Scientists are examining novel feeding strategies to improve gut development, defense functions, health and performance of piglets to develop effective ways to supplement the diets of newly-weaned piglets without using antibiotics. The team is evaluating the influence of administering nutraceuticals (vitamins, trace minerals) and functional feed ingredients (cranberry, milk by-products, yeast-derived products, probiotics, prebiotics) during lactation and the peri-weaning period to best meet piglets’ needs according to their stage of development.

Results of the studies showed that feeding piglets a diet supplemented with colostrum and a specified cocktail which combines several effective nutritional supplements demonstrated significant potential towards growth performance without antibiotics. The two dietary treatments supplemented with a combination of nutraceuticals and functional feed ingredients (cocktail diet; cocktail diet + bovine colostrum) clearly improved the vitamin status of piglets after weaning. However, the cocktail diet with colostrum had a greater positive impact than the other dietary treatments on bacterial populations in the gut of piglets after weaning and after inflammatory challenge induced by lipopolysaccharides from Escherichia coli or Salmonella infection.

These results suggest that the colostrum diet improved the intestinal health of piglets.
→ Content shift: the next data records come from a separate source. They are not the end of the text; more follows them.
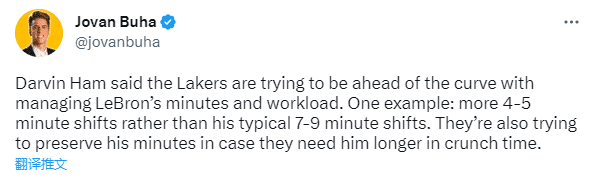 哈姆确定詹姆斯出战森林狼,并且表示:我们正尝试就詹姆斯的出场时间做出一些调整,以前詹姆斯一般是在打了7-9分钟后下场休息,未来可能会更多地让他在打4-5分钟后就休息一下。我们还会考虑尽量以控制出场时间的方式让他保留体力,以备在比赛关键时刻他需要长时间出场。
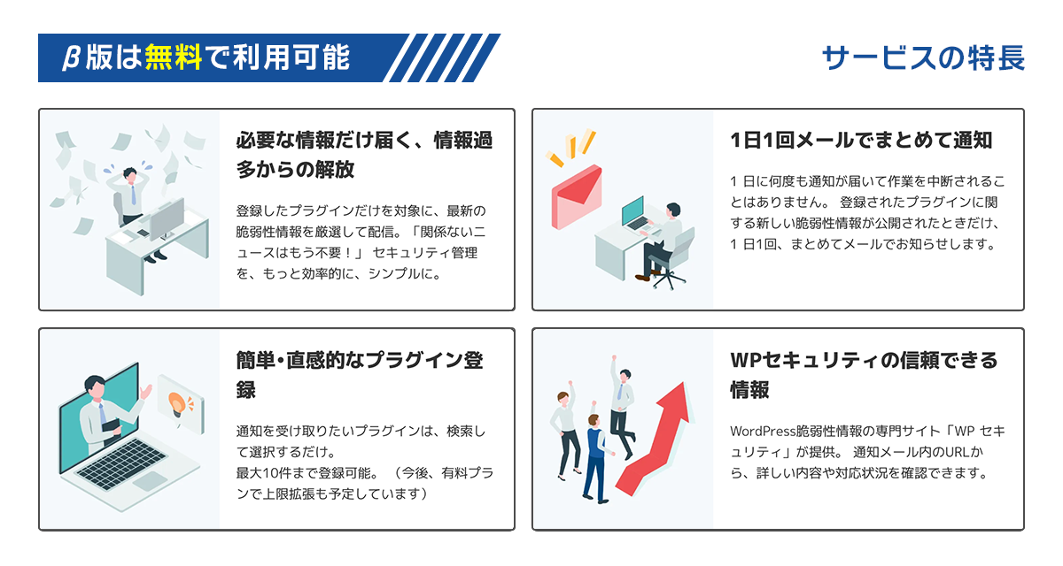 登録したプラグインに限定して最新の脆弱性情報を配信します。セキュリティ管理を効率的かつシンプルに行えます。
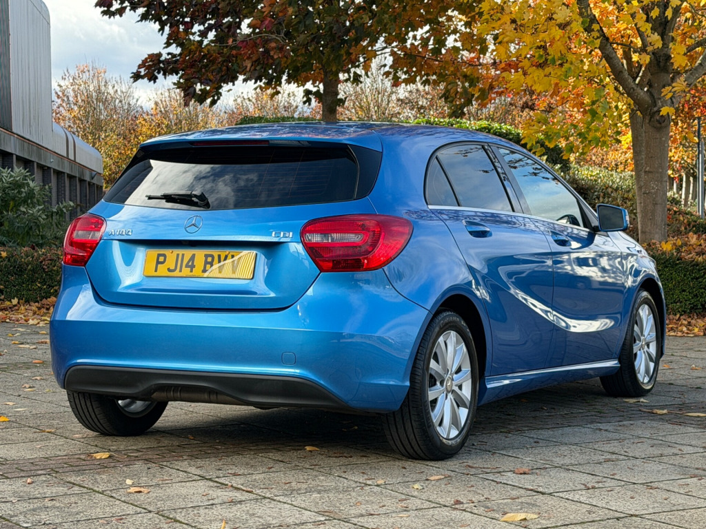 This 2014 Mercedes-Benz A-Class 1.5 A180 CDI SE Hatchback 5dr Diesel 7G-DCT Euro 5 (s/s) (109 ps) Hatchback is currently available for £10,490 in Irthlingborough Northamptonshire with Diesel engine and Automatic gearbox. For more information or to arrange a viewing, click here to send us an email using form below.
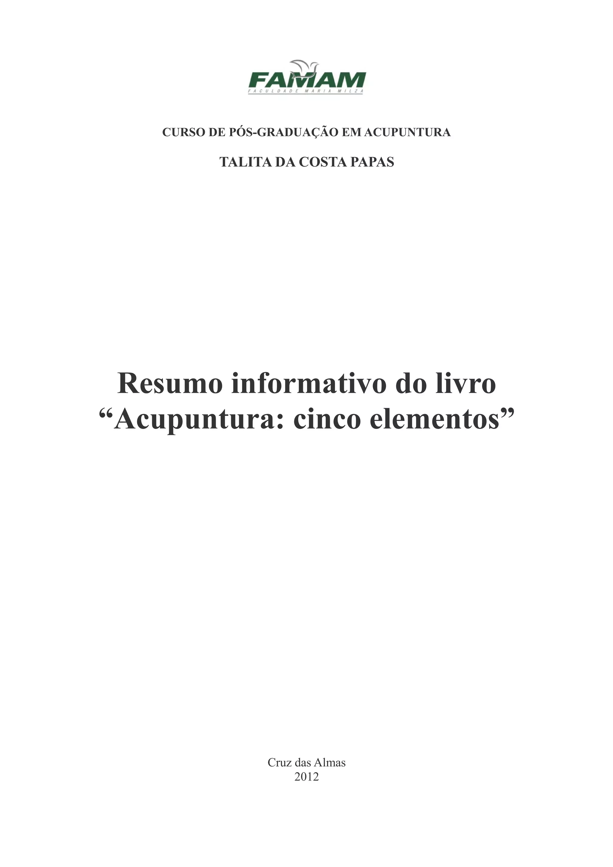 Este resumo descreve os principais pontos abordados no livro "Acupuntura: cinco elementos", incluindo uma introdução sobre os meridianos secundários (fogo, terra, metal, água), uma descrição dos meridianos LO, colaterais e tendineomusculares, e detalhes sobre alongamentos para os principais meridianos.
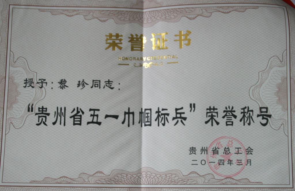 公司黎珍老师获“贵州省五一巾帼标兵”荣誉称号。
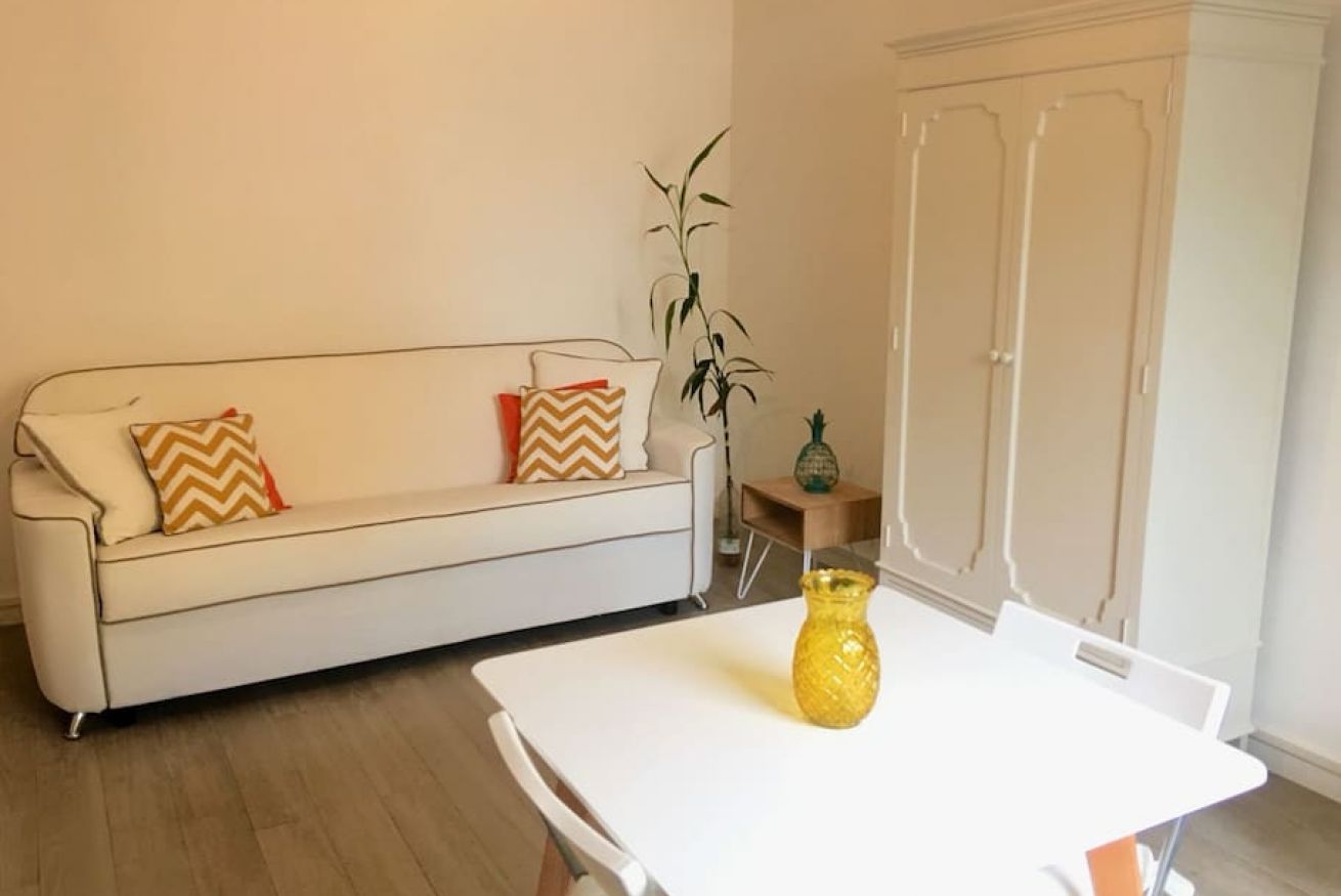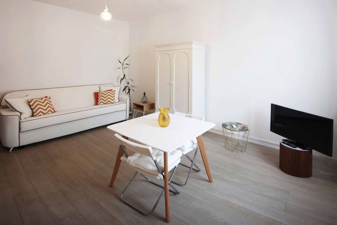 The apartment consists in a living room with kitchenette and sofa. Bathroom with shower and washing machine. The apartment is equipped with wi-fi and air conditioning.
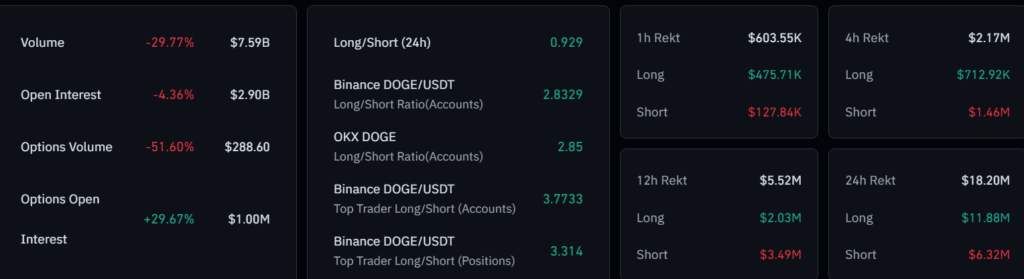 - Dogecoin open interest surged 23.52% in 24 hours, reaching $2.76B, exceeding its 15% price increase.
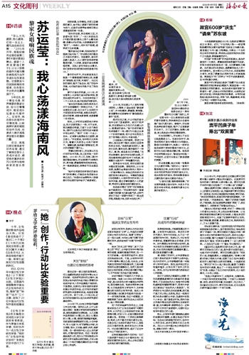 近日,海南日报记者独家专访苏运莹,通过了解她在音乐上的成长经历,感受她丰富多彩的内心世界与独特极致的音乐思考。
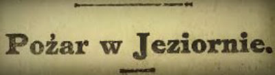 W odległej o trzy mile od Warszawy Jeziornie, położonej tuż przy kolejce wilanowskiej, szalał wczoraj pożar. O godz[inie] 5-ej po poł[udniu], zaraz po przejściu pociągu, wychodzącego z Warszawy o godz[inie] 3 min[ut] 40 po poł[udniu], zapaliła się stojąca prawie przy samym torze wielka stodoła gospodarza Latoszka. W jednej chwili ogień ogarnął całą stodołę i przeniósł się na sąsiednie zabudowania.
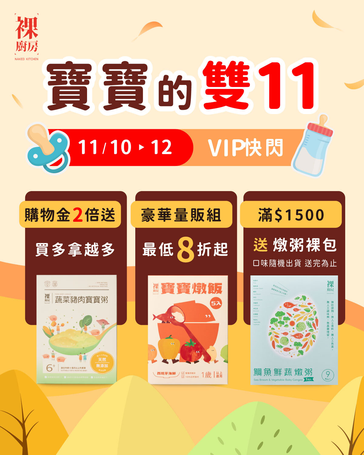 * 會員專屬寶寶粥、燉飯、調理包滿$1500再送鯛魚鮮蔬燉粥一包(訂單不累贈)
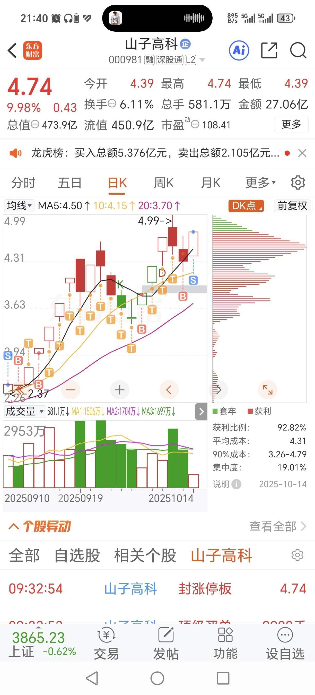 $山子高科(SZ000981)$ 卖飞了吗,明天能接回来吗?
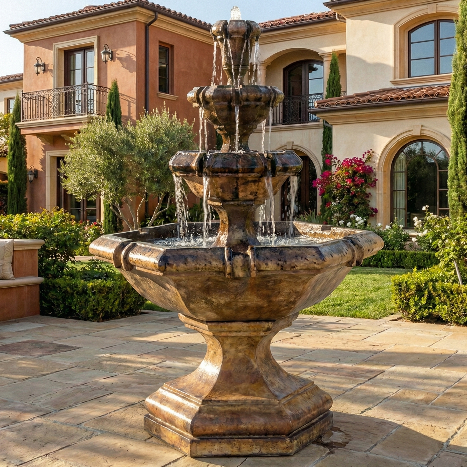 Add a calm ambiance to your outdoor space by adding the Grande Kensington Three Tier Fountain. This water feature is visually stunning and offers calming sounds of moving water.
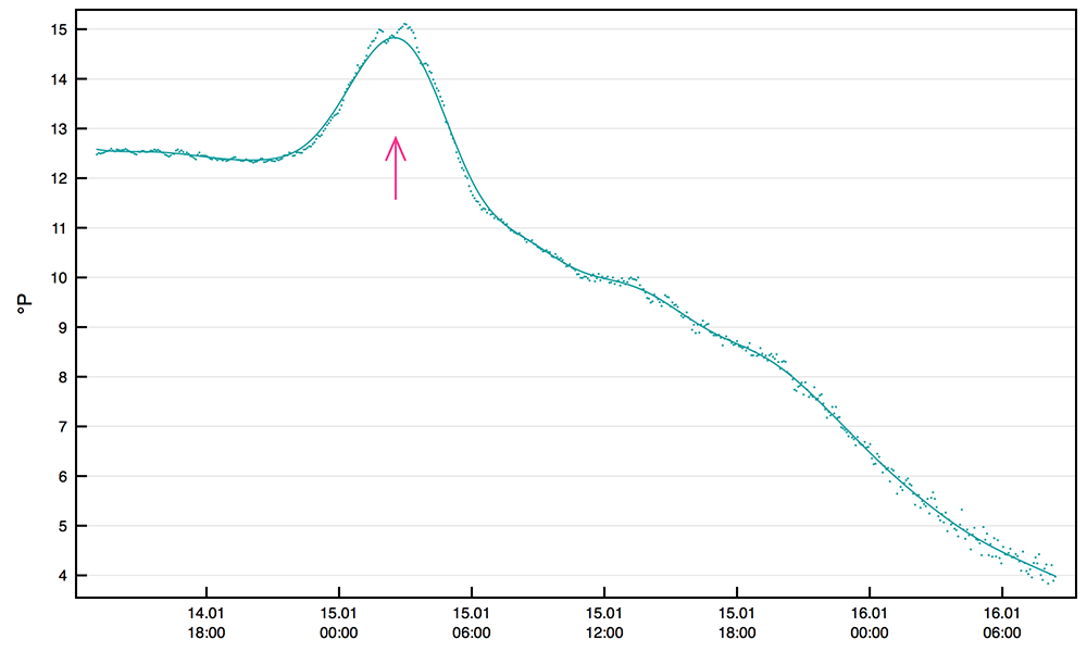 Wenn die Würze leichter wird, zeigt das den laufenden Gärprozess an. Müssten die Kurven dann nicht nach unten ausschlagen statt nach oben?
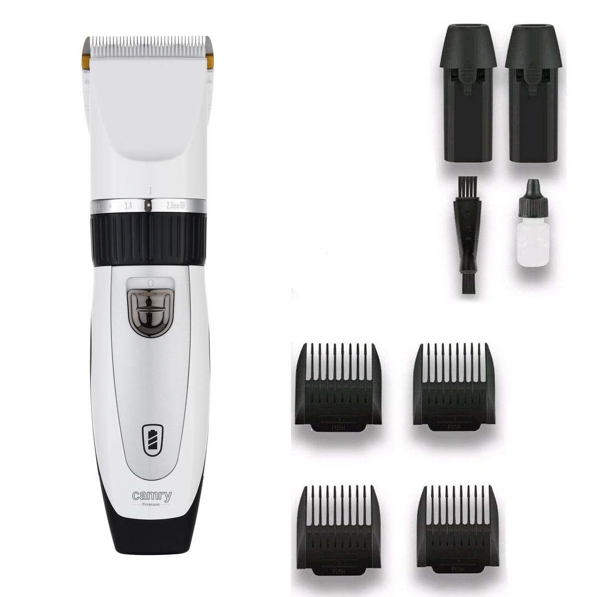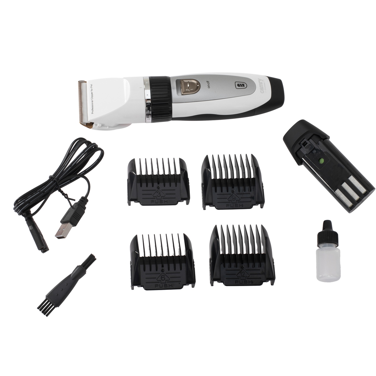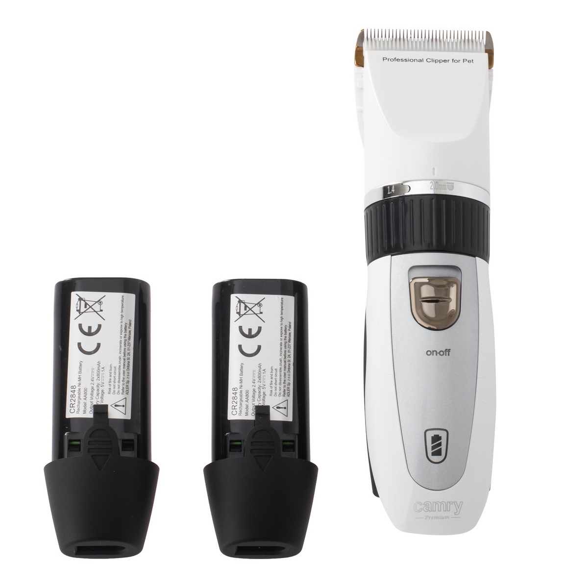 Огляд Професійна машинка для стрижки тварин Camry CR 2848 із запасним акумулятором, титаново-керамічне лезо, 5800 об/хв, регулювання 0,8–14 мм, 4 насадки
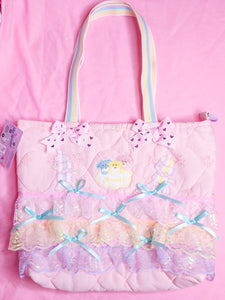 Pink eyelet retro animal pastel ruffle iridescent lace quilted tote bag
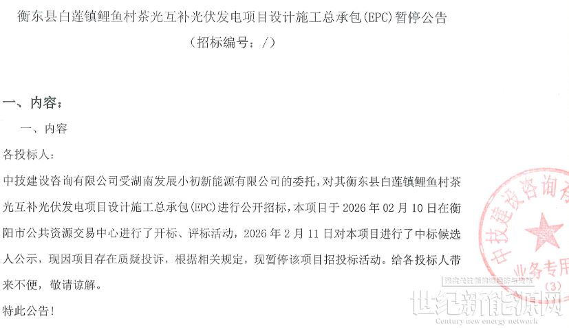 2月26日,衡东县白莲镇鲤鱼村茶光互补光伏发电项目设计施工总承包(EPC)暂停公告公布,现因项目存在质疑投诉,根据相关规定,现暂停该项目招投标活动。
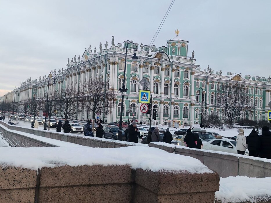 Холода туристов совсем не пугают, а с моста открывается чудесный вид на главные достопримечательности города: Зимний дворец, Петропавловскую крепость и Ростральные колонны.
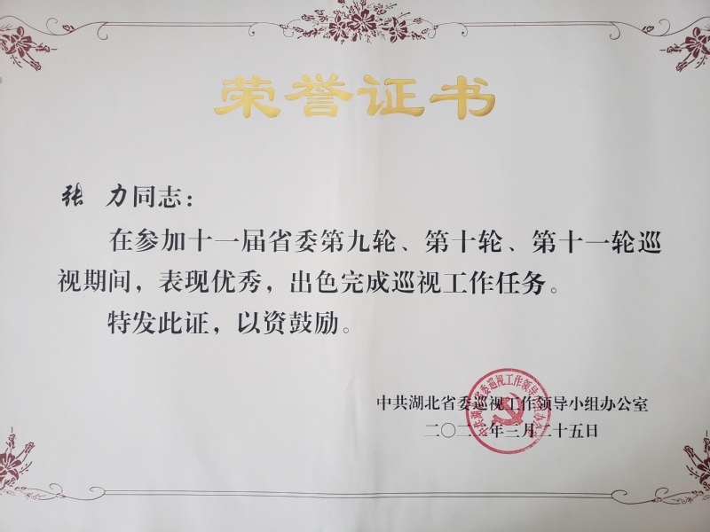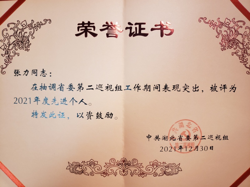 2021年6月至2021年12月,根据工作需要,bevictor伟德官网辅导员张力被抽调到省委第二巡视组,参加了十一届省委第九轮、第十轮和第十一轮巡视工作。因巡视期间工作表现突出,近日,由中共湖北省委巡视工作领导小组办公室、中共湖北省委第二巡视组为其授予荣誉证书,以资鼓励。

Antibiotic, cocktail and colostrum diets had different effects on gene expression in the intestinal tissue and their actions were generally more marked for low weight piglets. It appears, therefore, that low weight piglets could benefit from the colostrum and cocktail diets even more than high weight piglets. More in depth research is still required before specific recommendations can be made.

This research is part of a larger multidisciplinary project that involves Canadian swine researchers with expertise in physiology, immunology, microbiology, and nutrition from Sherbrooke Research and Development Centre, Guelph Research and Development Centre, and universities (Laval, Montreal, Guelph and Alberta), funded through the Canadian Swine Research and Development Cluster. Together they are examining these underlying mechanisms that influence swine health in order to capitalize on potential synergies between different sow and piglet feeding strategies that were evaluated.